Additionally, more robust data from trials regarding the most effective treatment regimens (both drugs and duration of therapy) for RR-TB remain needed, particularly in high-risk areas of RR-TB and MDR-TB endemicity such as South Africa, Peru, Korea, and India. As with MDR-TB, effective treatment outcomes with shorter, less toxic, and less complex regimens are needed for this patient group. Novel laboratory-based approaches for identifying more effective, shorter TB treatment regimens have been developed, and data from mouse models suggest that RIF-free regimens could be effective for DS- and DR-TB [78].

Finally, as we look to the future of managing these patients, other key areas for investigating include optimizing the pharmacokinetics/pharmacodynamics of existing antituberculous agents and the development of new antimicrobials with novel mechanisms of action. Using medications such verapamil and chlorpromazine, shown to act as efflux pump blockers, may also prove clinically useful in treating this disease [40]. Increased attention should be paid to the field of nonantimicrobial interventions to combat antimicrobial drug resistance, and funding for basic and clinical research in these areas is sorely needed.

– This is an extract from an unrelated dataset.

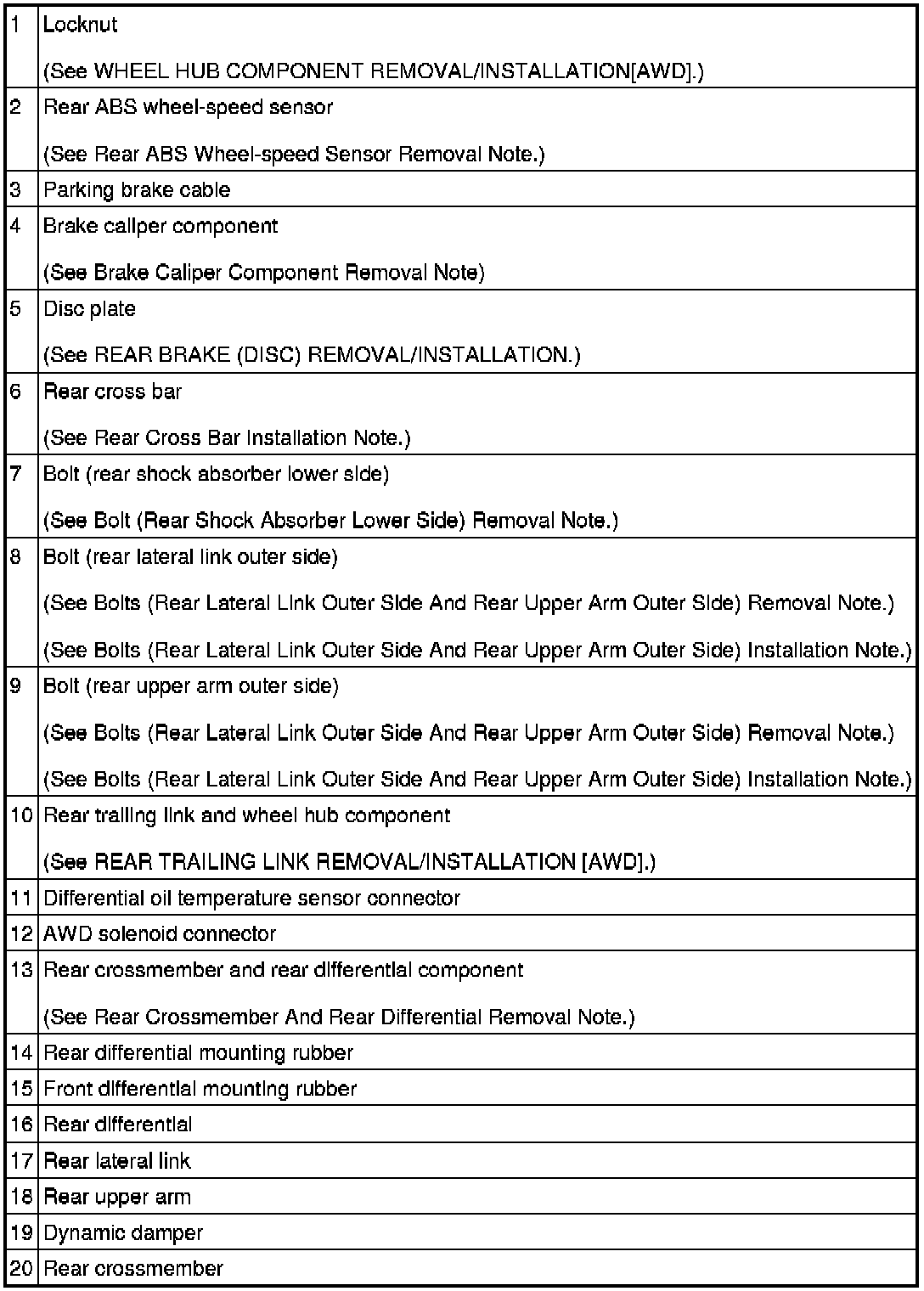 REAR CROSSMEMBER REMOVAL/INSTALLATION [AWD]

Though the scope of this review has focused largely on studies involving TB-endemic countries, it should be noted that in low-incidence TB countries, in particular, rigorous data for incidence and treatment outcomes of RR-TB remain sparse. This is largely because the incidence of drug-resistant TB in such regions is low. However, there is a continued need for studies in these regions, and there is an increased need for provider awareness. Some drugs becoming part of commonly used regimens for MDR-TB treatment in high-incidence countries, such as bedaquiline, remain more last resort treatment options in many low-incidence countries. Further exploration of using such newer agents in low–TB incidence countries should be considered.

CONCLUSIONS

Drug resistance remains a major barrier to winning the global fight against TB. For more than 50 years, RIF has been the cornerstone of effective TB treatment. With the spread of genomic-based rapid diagnostic tests for TB worldwide, there is growing awareness of the magnitude of RIF resistance complicating TB control efforts. Increased research and policy analysis are needed to understand the magnitude of the problem and to develop effective, less toxic, and less costly treatments for RR-TB. These include treatments with shorter overall durations of therapy, reduced pill burdens, and reduced rates of adverse events, to name a few benefits. In addition, and also of paramount importance, better identification and treatment of RR-TB may reduce the progression of further drug resistance, which still greatly contributes to the obstacle of meeting the WHO End TB Strategy Goals by 2035 [79].